* Record excerpts:
----------

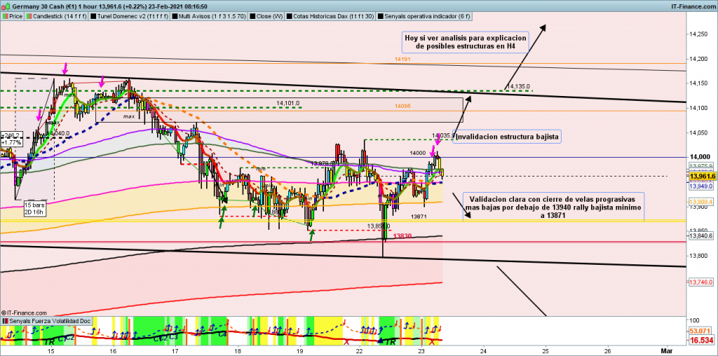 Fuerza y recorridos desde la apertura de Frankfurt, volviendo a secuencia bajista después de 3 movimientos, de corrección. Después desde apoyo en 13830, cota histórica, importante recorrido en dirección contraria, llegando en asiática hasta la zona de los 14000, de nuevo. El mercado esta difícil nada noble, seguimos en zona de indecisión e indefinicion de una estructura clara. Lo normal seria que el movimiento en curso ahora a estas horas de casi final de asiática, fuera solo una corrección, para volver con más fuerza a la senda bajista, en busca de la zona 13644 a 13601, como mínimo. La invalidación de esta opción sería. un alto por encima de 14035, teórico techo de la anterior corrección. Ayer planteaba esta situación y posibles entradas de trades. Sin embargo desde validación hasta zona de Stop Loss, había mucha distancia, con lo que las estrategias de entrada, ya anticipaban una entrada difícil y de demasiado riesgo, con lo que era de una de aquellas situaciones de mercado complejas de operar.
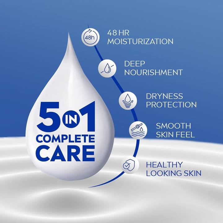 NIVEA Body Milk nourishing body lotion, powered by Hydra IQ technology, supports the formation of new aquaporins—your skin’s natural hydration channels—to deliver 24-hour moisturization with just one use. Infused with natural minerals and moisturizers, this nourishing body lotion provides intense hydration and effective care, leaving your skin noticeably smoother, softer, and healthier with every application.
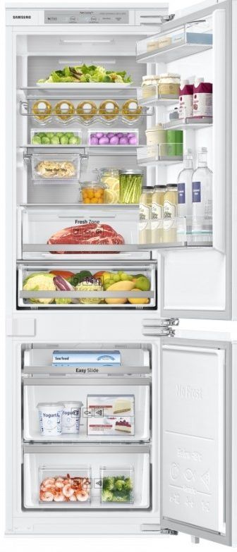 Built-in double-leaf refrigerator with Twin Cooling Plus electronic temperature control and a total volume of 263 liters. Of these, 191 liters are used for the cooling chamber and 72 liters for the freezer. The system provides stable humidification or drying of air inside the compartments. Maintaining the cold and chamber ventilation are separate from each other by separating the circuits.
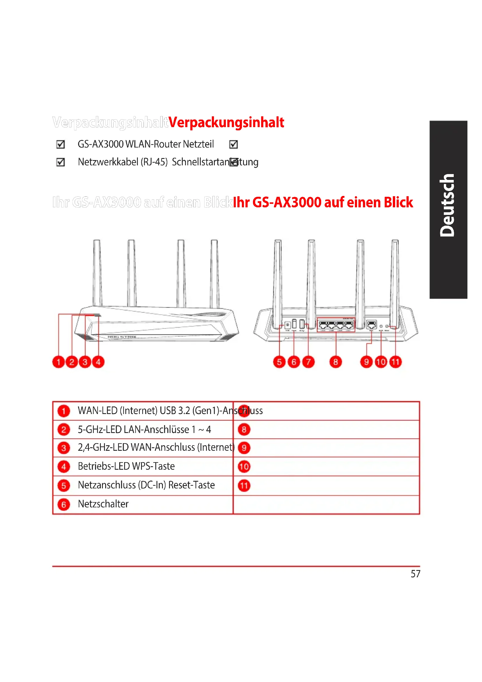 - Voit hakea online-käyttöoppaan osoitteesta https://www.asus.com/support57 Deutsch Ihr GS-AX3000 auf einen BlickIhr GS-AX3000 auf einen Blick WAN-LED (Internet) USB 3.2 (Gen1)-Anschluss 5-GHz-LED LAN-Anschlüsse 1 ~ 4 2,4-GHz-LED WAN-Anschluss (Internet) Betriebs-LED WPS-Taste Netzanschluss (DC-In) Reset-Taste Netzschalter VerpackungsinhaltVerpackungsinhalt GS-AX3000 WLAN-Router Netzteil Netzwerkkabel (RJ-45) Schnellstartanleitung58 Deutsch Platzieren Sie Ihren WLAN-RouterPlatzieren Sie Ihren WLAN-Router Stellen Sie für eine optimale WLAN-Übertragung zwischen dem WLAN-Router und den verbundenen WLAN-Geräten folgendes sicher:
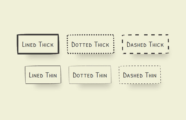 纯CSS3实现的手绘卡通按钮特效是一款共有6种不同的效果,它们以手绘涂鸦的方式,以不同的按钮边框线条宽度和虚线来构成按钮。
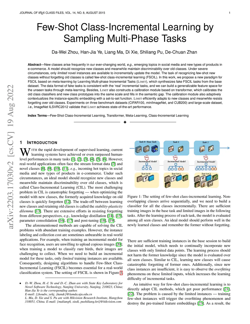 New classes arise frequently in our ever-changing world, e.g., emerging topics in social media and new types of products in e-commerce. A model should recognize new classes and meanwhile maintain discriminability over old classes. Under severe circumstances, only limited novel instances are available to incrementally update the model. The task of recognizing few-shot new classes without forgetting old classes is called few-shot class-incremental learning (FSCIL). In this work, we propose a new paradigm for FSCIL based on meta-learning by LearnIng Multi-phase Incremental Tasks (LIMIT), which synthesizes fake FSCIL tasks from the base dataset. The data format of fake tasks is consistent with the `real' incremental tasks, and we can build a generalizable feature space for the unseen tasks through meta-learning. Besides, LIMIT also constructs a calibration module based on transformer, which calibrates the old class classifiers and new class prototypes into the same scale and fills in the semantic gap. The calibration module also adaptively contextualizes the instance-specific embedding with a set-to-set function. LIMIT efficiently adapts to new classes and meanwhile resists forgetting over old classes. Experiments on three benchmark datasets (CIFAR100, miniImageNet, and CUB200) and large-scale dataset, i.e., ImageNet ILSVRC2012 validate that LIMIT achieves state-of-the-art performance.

----------

* Work task:
In the entries above, find the line that contains "- Voit hakea" and the line that contains "纯CSS3实现的手绘卡通按钮". Reproduce exactly those two lines and every line between them, but not the pictures.

* Solved problem:
 - Voit hakea online-käyttöoppaan osoitteesta https://www.asus.com/support57 Deutsch Ihr GS-AX3000 auf einen BlickIhr GS-AX3000 auf einen Blick WAN-LED (Internet) USB 3.2 (Gen1)-Anschluss 5-GHz-LED LAN-Anschlüsse 1 ~ 4 2,4-GHz-LED WAN-Anschluss (Internet) Betriebs-LED WPS-Taste Netzanschluss (DC-In) Reset-Taste Netzschalter VerpackungsinhaltVerpackungsinhalt GS-AX3000 WLAN-Router Netzteil Netzwerkkabel (RJ-45) Schnellstartanleitung58 Deutsch Platzieren Sie Ihren WLAN-RouterPlatzieren Sie Ihren WLAN-Router Stellen Sie für eine optimale WLAN-Übertragung zwischen dem WLAN-Router und den verbundenen WLAN-Geräten folgendes sicher:
 纯CSS3实现的手绘卡通按钮特效是一款共有6种不同的效果,它们以手绘涂鸦的方式,以不同的按钮边框线条宽度和虚线来构成按钮。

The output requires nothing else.